++++ STORED DATA

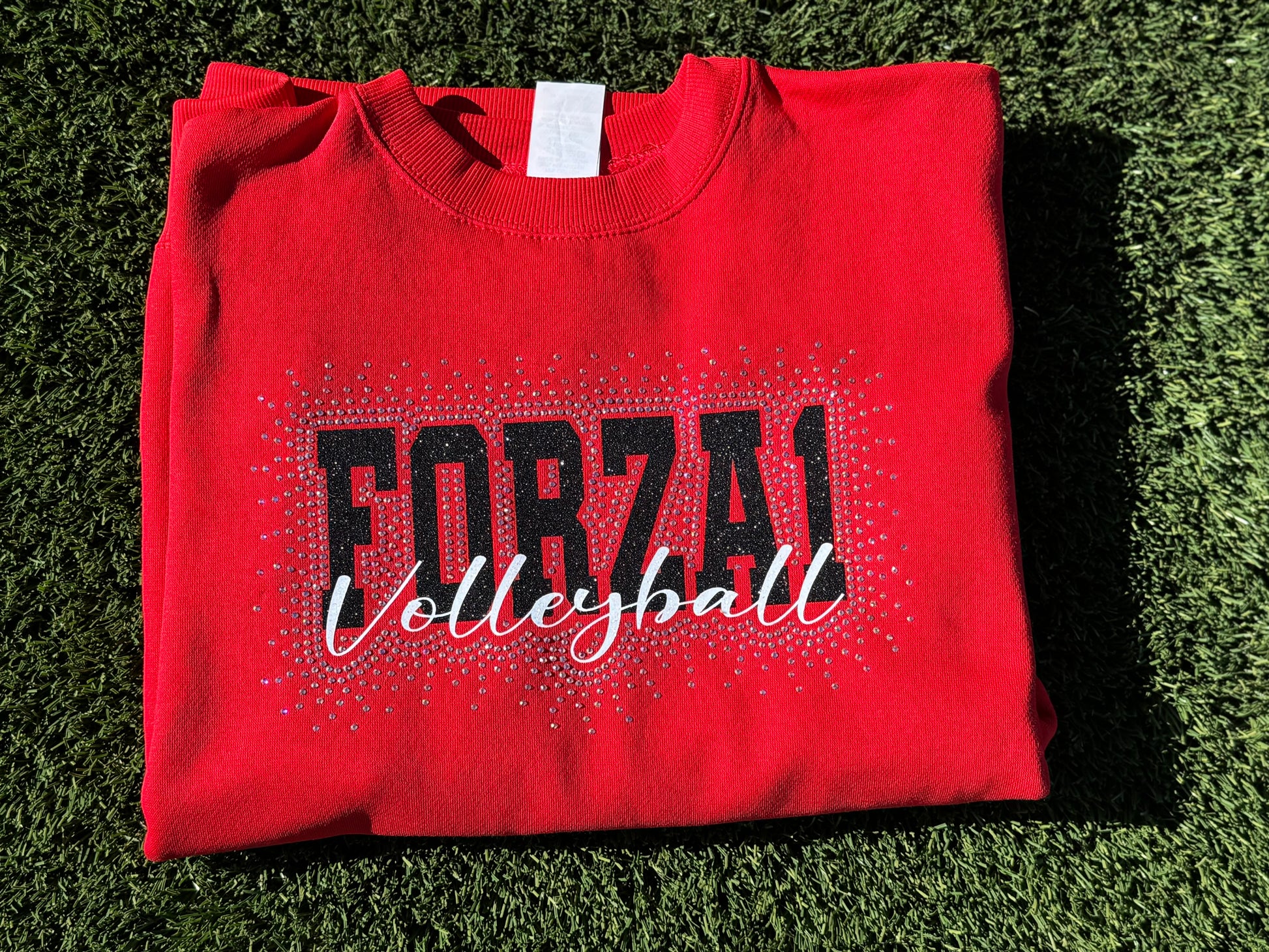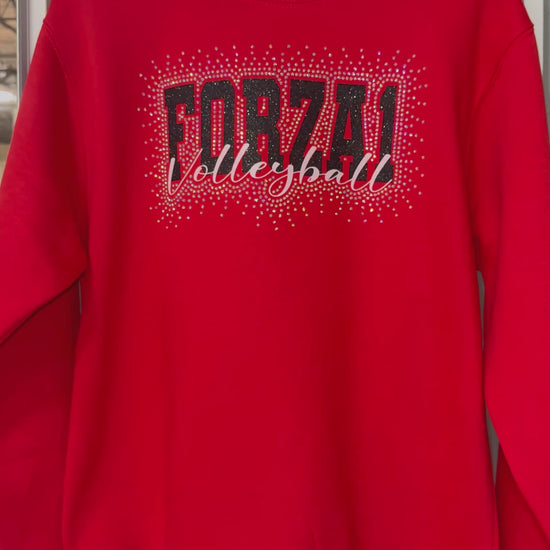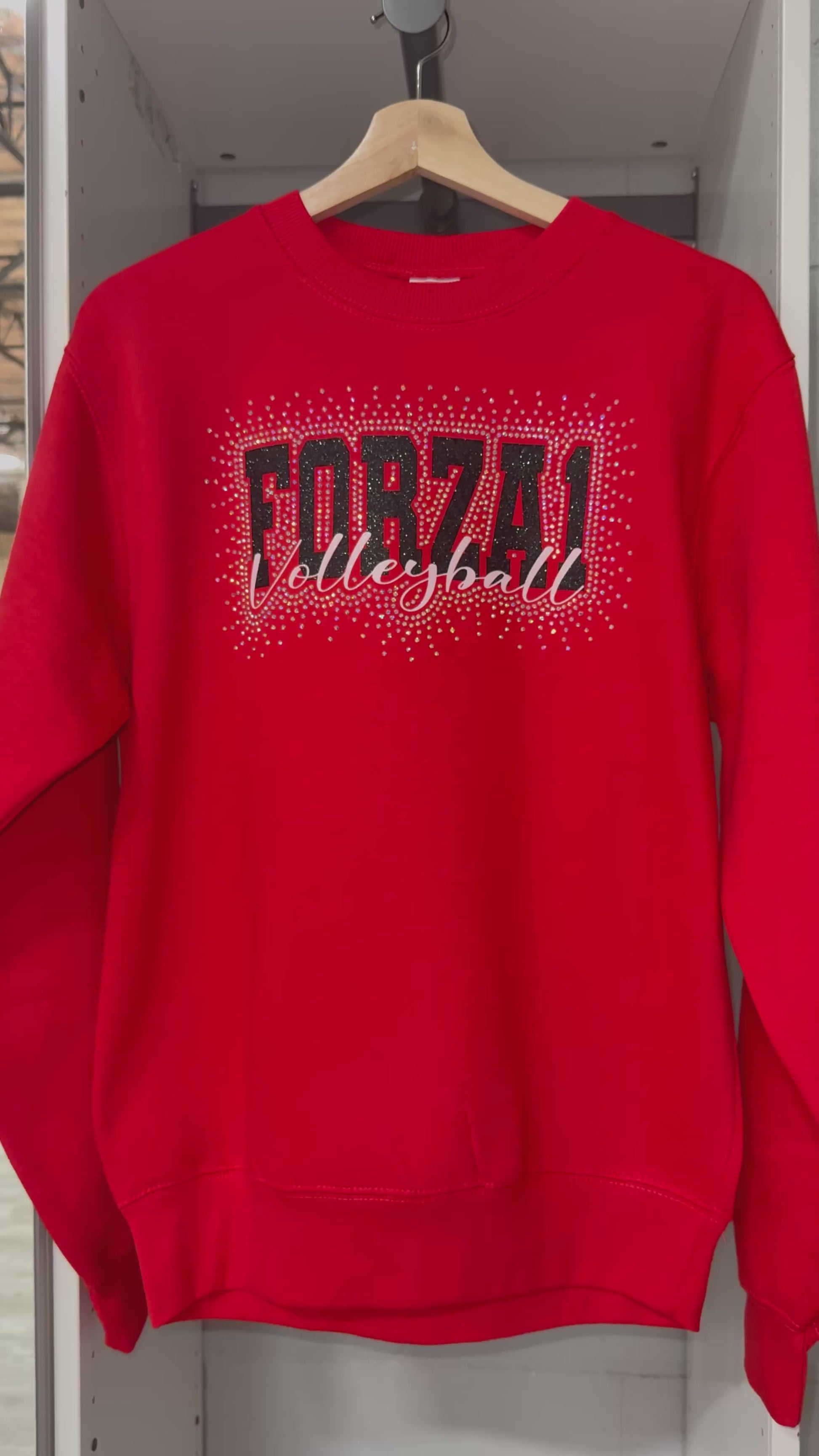 Red Forza1 crew neck with rhinestone detailing. Sizes S-XXL are crew necks while YL and YXL are hoodie versions.
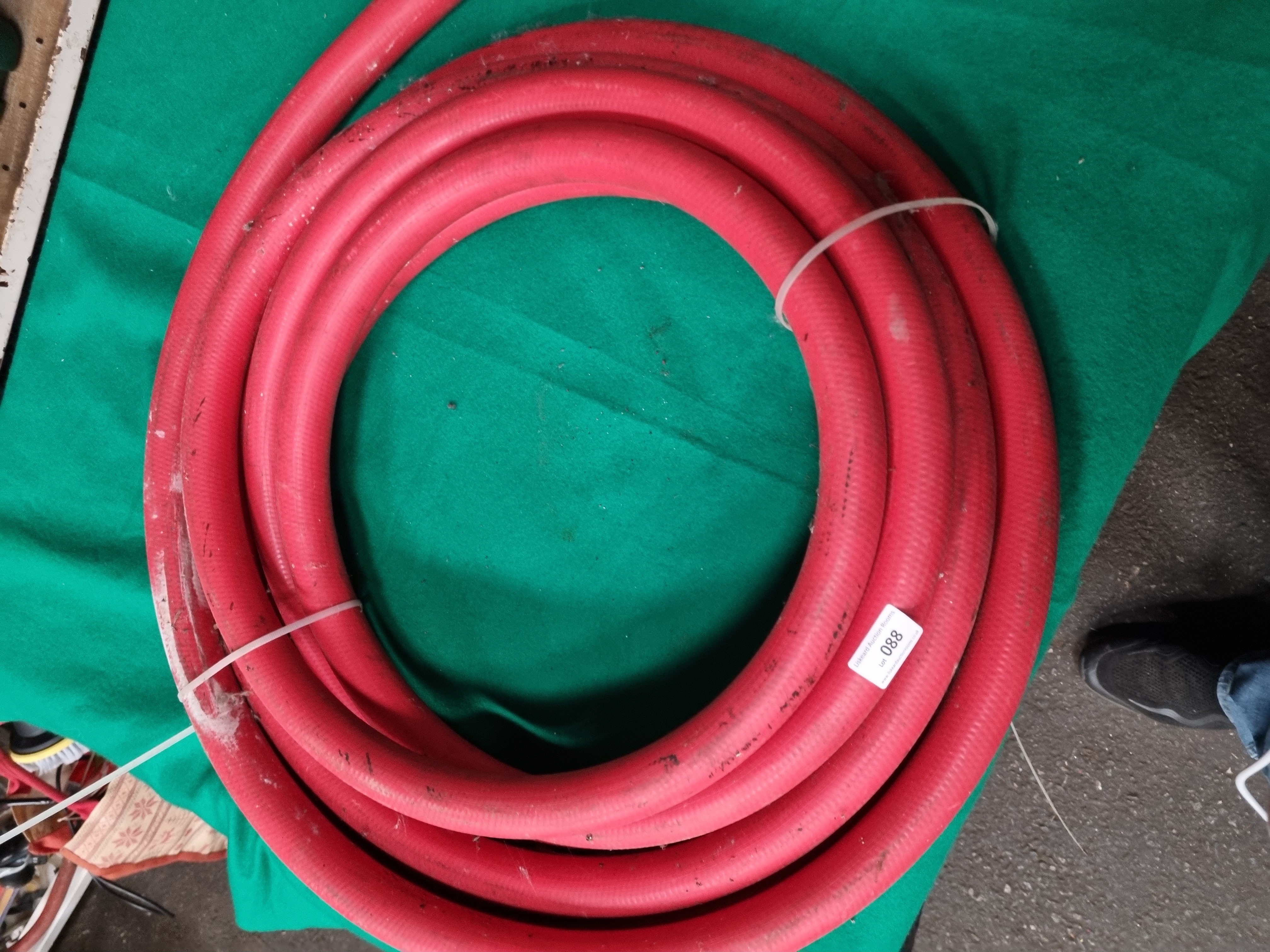 This lot consists of two industrial supply items. The first is a coil of red heavy-duty reinforced rubber hose, approximately 25mm to 30mm in outer diameter. The hose features a multi-layered construction with internal reinforcement, typical of industrial air or water hoses. It is currently secured with white plastic cable ties and bears a lot label for Liskeard Auction Rooms (Lot 088). The second item is a substantial coil of fine-gauge galvanised steel wire, suitable for fencing, binding, or agricultural applications. No manufacturer markings, model numbers, or specific length ratings are visible on either item.
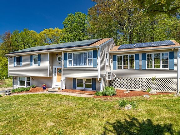 Terrific Lunenburg opportunity to own your own sun-drenched, open-concept, raised ranch on 3.3 acres! Main floor boasts large open concept kitchen/dining room, oversized family room, 2 bedrooms & full bath. Finished basement offers 2 large rooms, full bath & laundry with walk out with separate entrance. Great potential for in-law or lower level primary suite. Private water, septic & solar = self-sufficiency! Perimeter drain, newer roof, vinyl siding. Large deck & yard overlooks serene wooded 3.3 acre lot. Move-in ready, with upside potential! Perfect for nature lovers!

++++++++

WORK REQUEST
The response is to contain exactly the lines from the beginning of the data through the line containing "This lot consists", both ends included, and nothing else; omit the pictures.

ANSWER BOX
 Red Forza1 crew neck with rhinestone detailing. Sizes S-XXL are crew necks while YL and YXL are hoodie versions.
 This lot consists of two industrial supply items. The first is a coil of red heavy-duty reinforced rubber hose, approximately 25mm to 30mm in outer diameter. The hose features a multi-layered construction with internal reinforcement, typical of industrial air or water hoses. It is currently secured with white plastic cable ties and bears a lot label for Liskeard Auction Rooms (Lot 088). The second item is a substantial coil of fine-gauge galvanised steel wire, suitable for fencing, binding, or agricultural applications. No manufacturer markings, model numbers, or specific length ratings are visible on either item.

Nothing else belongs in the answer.